Я возвращалась домой, размышляя о том, что хоть семья и не монастырь, но тоже школа, строгая школа, которая через смирение учит терпеть, прощать и любить от самого начала до конца жизни.
Разорвав серый тюль облаков, на небо выплыла луна, разлившись по земле серебряным светом. "Вот и луна. Спутник. Спутник на орбите", – промелькнуло у меня в голове. "Спутник на орбите", – повторила я мысленно про себя, еще раз пытаясь вспомнить что-то очень доброе, связанное с этими словами. Из глубин моей памяти выплыл услышанный мною когда-то рассказ про одинокую супружескую пару – старичка и старушку.
Старичок был покрепче и еще мог ухаживать за собой. Но ухаживать за больной супругой он был уже не в состоянии. Поэтому на неделю его жена уезжала в дом престарелых, а на выходные старичок забирал ее домой. И вот они ехали в автобусе, тесно прижавшись друг к другу. Выходные дни, проведенные вместе, закончились, предстояли будни разлуки.
– Милая моя спутница на орбите, – говорил старичок, заглядывая в грустное лицо супруги, – потерпи немножко. Ведь всего неделька, и я опять заберу тебя. Всего неделька, это так мало, и мы снова будем вместе.
Не в силах что-либо изменить, они принимали боль разлуки, но никакая сила не могла разделить их души. Как два деревца, посаженных вместе, за долгие годы корни их срослись, и ветви переплелись так, что они стали одним целым. Никакая сила не смогла бы разъединить связь, подобную притяжению Луны к Земле, неизменную спутницу, несущую свой свет средь ночи.
Луна продолжала разливаться серебряным светом. И казалось, в этом серебре тихой грустью звучат голоса скрипок. Той грустью, которая несет в сердце радость от прикосновения с чем-то высоким, чистым и прекрасным.
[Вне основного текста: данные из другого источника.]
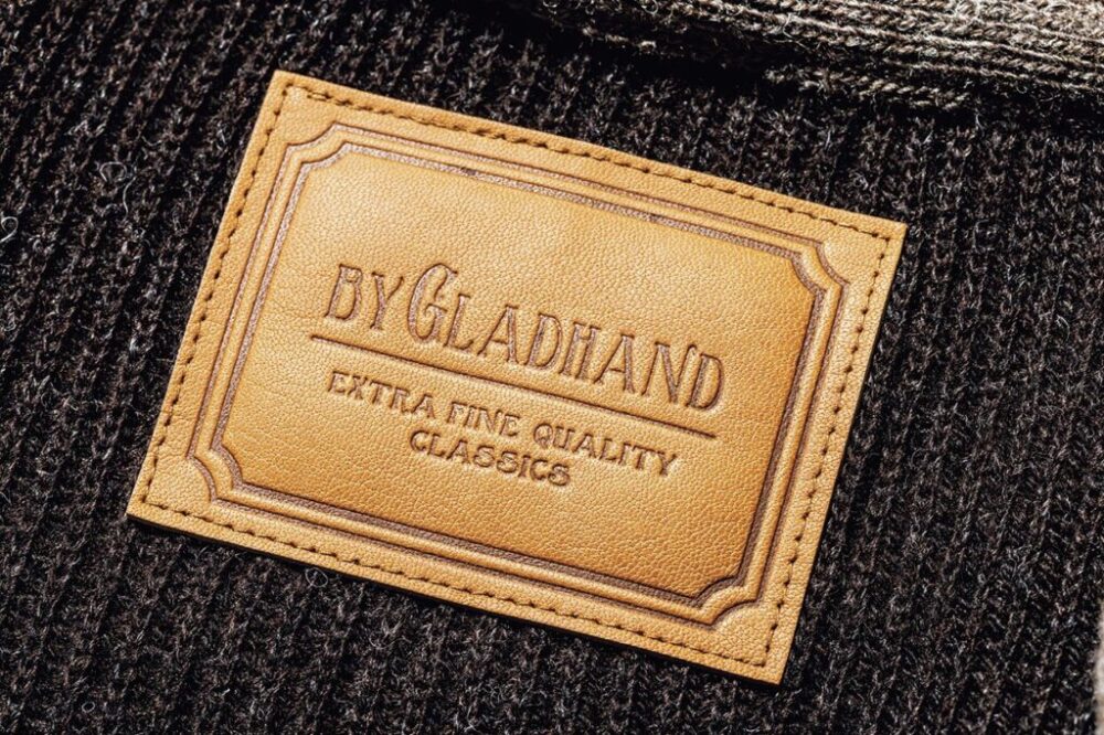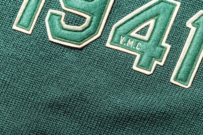 和歌山の島精機製作所にて完全無縫製型横編機で編み立てたホールガーメントニット。フロントのフェルトシニールワッペンや袖口と裾のリブを折り曲げて使用するクラシカルな仕様。

В лунном свете по тихой осенней улице я шла домой и думала о муже. "Милый мой спутник на орбите, как хорошо, что ты есть…"
Страна заходящего солнца
Безмолвный крик, кровавый цвет
На голубое брызнет небо,
Когда ладони-облака
В закат уронят солнца тело.
Умрет светило. Утром вновь,
Как сотни лет назад, воскреснет,
И над проснувшейся землей
Лучами жизни вновь забрезжит.
Природа вторит Божеству,
Что на кресте вознесся в вечность.
В закатный час его слеза
Стекает в неба бесконечность.
Но тщетно бьется алый крик
В молчанье шторы на оконце.
Потерянные в смуте дней
Мы наглухо закрыли сердце.
Адаму был подарен рай.
Ему казалось это мало.
Весь Божий мир дарован нам,
Но мы не знаем, что нам надо…
"Послушай, отец, не мог я тогда поступить иначе. Как увидел этого парнишку на коленях, перед этими, в грязи, ведь он же с их племенем воевал, ведь его же друзей их единоверцы стреляли и резали, как баранов. А он перед ними на колени, в грязь… За медный грош на выпивку… они хмылятся, крутят в руках деньги: "Славь нашего бога – твои". И он лицом в грязь, все мимо, кому какое дело, что это не только его погибшую душу, но и нас, Нашу душу в грязь топчут. Не выдержал я, разметал этим торгашам все их помидоры по рынку, парнишке в сердцах по морде. А он, как ребенок, лицом уткнулся в грязные ладони и заревел. Ох, отец… Вот и пошел я по контракту. Нате, думаю, жрите. Я-то хоть сколько-то, да пожил, духом окреп. Зелень-то почто губить? Ведь у этого пацана могла бы быть семья, дети, жизнь человеческая. А теперь… Что? Ни мертвый, ни живой. Давай, отец, выпьем. Я, вообще-то, не любитель, но тут уж давай". И мужчина в военной камуфляжной одежде с изуродованным шрамом лицом налил из бутылки по стаканам и протянул один из них своему собеседнику, человеку лет шестидесяти в аккуратном темном костюме, с аккуратной седой бородкой, с легкой ироничной улыбкой, прятавшейся в уголках губ, с проницательным взглядом светлых глаз.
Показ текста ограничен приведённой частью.